**Problem requirements**
An identical copy of all the entries is the required result.

[Dataset items]

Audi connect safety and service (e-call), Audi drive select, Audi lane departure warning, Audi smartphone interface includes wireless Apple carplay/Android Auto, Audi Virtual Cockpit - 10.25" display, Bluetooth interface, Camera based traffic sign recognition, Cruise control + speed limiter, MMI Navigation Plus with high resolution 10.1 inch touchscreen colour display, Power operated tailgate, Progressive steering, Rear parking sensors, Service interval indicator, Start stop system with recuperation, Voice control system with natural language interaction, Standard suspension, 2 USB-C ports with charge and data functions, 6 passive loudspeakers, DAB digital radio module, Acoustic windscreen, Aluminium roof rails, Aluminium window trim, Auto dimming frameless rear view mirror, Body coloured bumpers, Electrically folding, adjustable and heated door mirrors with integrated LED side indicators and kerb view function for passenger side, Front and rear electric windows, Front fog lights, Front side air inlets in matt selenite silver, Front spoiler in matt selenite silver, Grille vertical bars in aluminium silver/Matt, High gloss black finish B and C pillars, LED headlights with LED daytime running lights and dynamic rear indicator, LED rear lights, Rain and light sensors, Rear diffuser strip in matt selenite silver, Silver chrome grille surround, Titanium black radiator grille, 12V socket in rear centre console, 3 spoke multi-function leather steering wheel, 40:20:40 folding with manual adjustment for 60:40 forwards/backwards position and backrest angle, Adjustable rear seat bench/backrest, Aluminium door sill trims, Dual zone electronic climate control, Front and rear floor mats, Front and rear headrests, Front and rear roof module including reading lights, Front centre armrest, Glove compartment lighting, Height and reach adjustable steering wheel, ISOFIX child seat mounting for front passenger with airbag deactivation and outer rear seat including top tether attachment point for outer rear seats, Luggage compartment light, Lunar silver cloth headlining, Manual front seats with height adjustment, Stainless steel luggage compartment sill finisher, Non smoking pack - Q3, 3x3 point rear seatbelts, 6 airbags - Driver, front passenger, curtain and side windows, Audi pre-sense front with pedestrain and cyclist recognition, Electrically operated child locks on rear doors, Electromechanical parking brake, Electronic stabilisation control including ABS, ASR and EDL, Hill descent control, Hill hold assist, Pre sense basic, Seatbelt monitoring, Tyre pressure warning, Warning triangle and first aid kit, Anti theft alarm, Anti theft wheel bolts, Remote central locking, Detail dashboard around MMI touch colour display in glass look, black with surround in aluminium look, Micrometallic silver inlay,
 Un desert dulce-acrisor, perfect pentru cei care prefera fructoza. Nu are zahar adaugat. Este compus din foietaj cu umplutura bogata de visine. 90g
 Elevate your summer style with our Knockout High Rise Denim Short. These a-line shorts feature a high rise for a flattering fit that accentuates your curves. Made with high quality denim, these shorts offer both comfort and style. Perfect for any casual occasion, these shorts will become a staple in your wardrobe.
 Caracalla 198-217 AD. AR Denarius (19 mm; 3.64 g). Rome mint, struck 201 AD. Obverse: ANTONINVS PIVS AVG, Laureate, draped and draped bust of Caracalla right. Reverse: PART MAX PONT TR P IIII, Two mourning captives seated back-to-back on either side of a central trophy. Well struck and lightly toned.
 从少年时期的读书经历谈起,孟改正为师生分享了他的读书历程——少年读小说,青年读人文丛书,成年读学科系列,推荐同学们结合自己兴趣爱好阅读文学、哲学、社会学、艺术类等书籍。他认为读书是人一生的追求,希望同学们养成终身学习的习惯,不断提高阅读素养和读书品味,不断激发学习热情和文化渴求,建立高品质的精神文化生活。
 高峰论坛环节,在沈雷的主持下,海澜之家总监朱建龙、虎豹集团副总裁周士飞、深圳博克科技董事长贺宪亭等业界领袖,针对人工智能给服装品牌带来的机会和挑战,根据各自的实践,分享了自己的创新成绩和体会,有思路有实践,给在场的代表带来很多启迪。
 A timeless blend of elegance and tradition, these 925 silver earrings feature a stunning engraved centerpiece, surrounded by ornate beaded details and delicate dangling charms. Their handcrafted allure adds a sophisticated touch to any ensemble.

**Result**
Audi connect safety and service (e-call), Audi drive select, Audi lane departure warning, Audi smartphone interface includes wireless Apple carplay/Android Auto, Audi Virtual Cockpit - 10.25" display, Bluetooth interface, Camera based traffic sign recognition, Cruise control + speed limiter, MMI Navigation Plus with high resolution 10.1 inch touchscreen colour display, Power operated tailgate, Progressive steering, Rear parking sensors, Service interval indicator, Start stop system with recuperation, Voice control system with natural language interaction, Standard suspension, 2 USB-C ports with charge and data functions, 6 passive loudspeakers, DAB digital radio module, Acoustic windscreen, Aluminium roof rails, Aluminium window trim, Auto dimming frameless rear view mirror, Body coloured bumpers, Electrically folding, adjustable and heated door mirrors with integrated LED side indicators and kerb view function for passenger side, Front and rear electric windows, Front fog lights, Front side air inlets in matt selenite silver, Front spoiler in matt selenite silver, Grille vertical bars in aluminium silver/Matt, High gloss black finish B and C pillars, LED headlights with LED daytime running lights and dynamic rear indicator, LED rear lights, Rain and light sensors, Rear diffuser strip in matt selenite silver, Silver chrome grille surround, Titanium black radiator grille, 12V socket in rear centre console, 3 spoke multi-function leather steering wheel, 40:20:40 folding with manual adjustment for 60:40 forwards/backwards position and backrest angle, Adjustable rear seat bench/backrest, Aluminium door sill trims, Dual zone electronic climate control, Front and rear floor mats, Front and rear headrests, Front and rear roof module including reading lights, Front centre armrest, Glove compartment lighting, Height and reach adjustable steering wheel, ISOFIX child seat mounting for front passenger with airbag deactivation and outer rear seat including top tether attachment point for outer rear seats, Luggage compartment light, Lunar silver cloth headlining, Manual front seats with height adjustment, Stainless steel luggage compartment sill finisher, Non smoking pack - Q3, 3x3 point rear seatbelts, 6 airbags - Driver, front passenger, curtain and side windows, Audi pre-sense front with pedestrain and cyclist recognition, Electrically operated child locks on rear doors, Electromechanical parking brake, Electronic stabilisation control including ABS, ASR and EDL, Hill descent control, Hill hold assist, Pre sense basic, Seatbelt monitoring, Tyre pressure warning, Warning triangle and first aid kit, Anti theft alarm, Anti theft wheel bolts, Remote central locking, Detail dashboard around MMI touch colour display in glass look, black with surround in aluminium look, Micrometallic silver inlay,
 Un desert dulce-acrisor, perfect pentru cei care prefera fructoza. Nu are zahar adaugat. Este compus din foietaj cu umplutura bogata de visine. 90g
 Elevate your summer style with our Knockout High Rise Denim Short. These a-line shorts feature a high rise for a flattering fit that accentuates your curves. Made with high quality denim, these shorts offer both comfort and style. Perfect for any casual occasion, these shorts will become a staple in your wardrobe.
 Caracalla 198-217 AD. AR Denarius (19 mm; 3.64 g). Rome mint, struck 201 AD. Obverse: ANTONINVS PIVS AVG, Laureate, draped and draped bust of Caracalla right. Reverse: PART MAX PONT TR P IIII, Two mourning captives seated back-to-back on either side of a central trophy. Well struck and lightly toned.
 从少年时期的读书经历谈起,孟改正为师生分享了他的读书历程——少年读小说,青年读人文丛书,成年读学科系列,推荐同学们结合自己兴趣爱好阅读文学、哲学、社会学、艺术类等书籍。他认为读书是人一生的追求,希望同学们养成终身学习的习惯,不断提高阅读素养和读书品味,不断激发学习热情和文化渴求,建立高品质的精神文化生活。
 高峰论坛环节,在沈雷的主持下,海澜之家总监朱建龙、虎豹集团副总裁周士飞、深圳博克科技董事长贺宪亭等业界领袖,针对人工智能给服装品牌带来的机会和挑战,根据各自的实践,分享了自己的创新成绩和体会,有思路有实践,给在场的代表带来很多启迪。
 A timeless blend of elegance and tradition, these 925 silver earrings feature a stunning engraved centerpiece, surrounded by ornate beaded details and delicate dangling charms. Their handcrafted allure adds a sophisticated touch to any ensemble.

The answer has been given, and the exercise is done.